I'm working to setup Jupyter notebook servers on Kubernetes that are able to launch pyspark
. Each user is able to have a multiple servers running at once, and would access each by navigating to the appropriate host combined with a path to the server's fully-qualified name. For example: http://<hostname>/<username>/<notebook server name>
.
I have a top-level function defined that allows a user create a SparkSession
that points to the Kubernetes master URL and sets their pod to be the Spark driver.

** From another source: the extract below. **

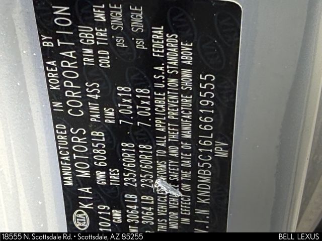 Arizona's Original and Largest Lexus Dealer, since 1989! ELITE OF LEXUS AWARD WINNER... for two decades. Bell Lexus is also the #1 Lexus dealer in the USA for Service Customer Satisfaction 6 out of the last 8 years. This Kia Sedona is equipped with the following features: 18" x 7.0J Alloy Wheels, 2-Way Power Driver Lumbar Support, 3.51 Axle Ratio, 3rd row seats: split-bench, 4-Way Adjustable Passenger's Seat, 4-Wheel Disc Brakes, 6 Speakers, 8-Way Power-Adjustable Driver's Seat, ABS brakes, Air Conditioning, AM/FM radio: SiriusXM, Apple CarPlay & Android Auto, Automatic temperature control, Brake assist, Bumpers: body-color, Carpeted Floor Mats, Compass, Delay-off headlights, Driver door bin, Driver vanity mirror, Dual front impact airbags, Dual front side impact airbags, Electronic Stability Control, Emergency communication system, Exterior Parking Camera Rear, Four wheel independent suspension, Front anti-roll bar, Front Bucket Seats, Front Center Armrest, Front dual zone A/C, Front reading lights, Fully automatic headlights, Heated Front Captain Seats, Heated front seats, Illuminated entry, Leather Seat Trim, Leather Shift Knob, Leather steering wheel, Low tire pressure warning, Occupant sensing airbag, Outside temperature display, Overhead airbag, Overhead console, Panic alarm, Passenger door bin, Passenger vanity mirror, Power door mirrors, Power driver seat, Power steering, Power windows, Radio: AM/FM/MP3 Audio System, Rear air conditioning, Rear anti-roll bar, Rear reading lights, Rear window defroster, Rear window wiper, Reclining 3rd row seat, Remote keyless entry, Security system, Speed control, Speed-sensing steering, Split folding rear seat, Spoiler, Steering wheel mounted audio controls, Tachometer, Telescoping steering wheel, Tilt steering wheel, Traction control, Trip computer, Turn signal indicator mirrors, and Variably intermittent wipers.

This is all well and good, but I would like to enable end users to access the URL for the Spark Web UI so that they can track their jobs. The Spark on Kubernetes documentation has port forwarding as their recommended scheme for achieving this. It seems to be that for any security-minded organization, allowing any random user to setup port forwarding in this way would be unacceptable.
I would like to use an Ingress
Kubernetes definition to allow external access to the driver's Spark Web UI. I've setup something like the following:
# Service
apiVersion: v1
kind: Service
metadata:
namespace: <notebook namespae>
name: <username>-<notebook server name>-svc
spec:
type: ClusterIP
sessionAffinity: None
selector:
app: <username>-<notebook server name>-notebook
ports:
- name: app-svc-port
protocol: TCP
port: 8888
targetPort: 8888
- name: spark-ui-port
protocol: TCP
port: 4040
targetPort: 4040
# Ingress
apiVersion: extensions/v1beta1
kind: Ingress
metadata:
namespace: workspace
name: <username>-<notebook server name>-ing
annotations:
kubernetes.io/ingress.class: traefik
spec:
rules:
- host: <hostname>
http:
paths:
- path: /<username>/<notebook server name>
backend:
serviceName: <username>-<notebook server name>-svc
servicePort: app-svc-port
- path: /<username>/<notebook server name>/spark-ui
backend:
serviceName: <username>-<notebook server name>-svc
servicePort: spark-ui-port
However, under this setup, when I navigate to http://<hostname>/<username>/<notebook server name>/spark-ui/
, I'm redirected to http://<hostname>/jobs
. This is because /jobs
is the default entry point to Spark's Web UI. However, I don't have an ingress rule for that path, and can't set such a rule since every user's Web UI would collide with each other in the load balancer (unless I have a misunderstanding, which is totally possible).
Under the Spark UI configuration settings, there doesn't seem to be a way to set a root path for the Spark session. You can change the port on which it runs, but what I'd like to do make the UI serve at something like: http://<hostname>/<username>/<notebook server name>/spark-ui/<jobs, stages, etc>
. Is there really no way of changing what comes after the hostname of the URL and before the last part?
Yes, you can achieve this. Specifically you can do this by setting the spark.ui.proxyBase property within spark-defaults.conf or at the run-time.
Example:
echo "spark.ui.proxyBase $SPARK_UI_PROXYBASE" >> /opt/spark/conf/spark-defaults.conf;
Then this should work.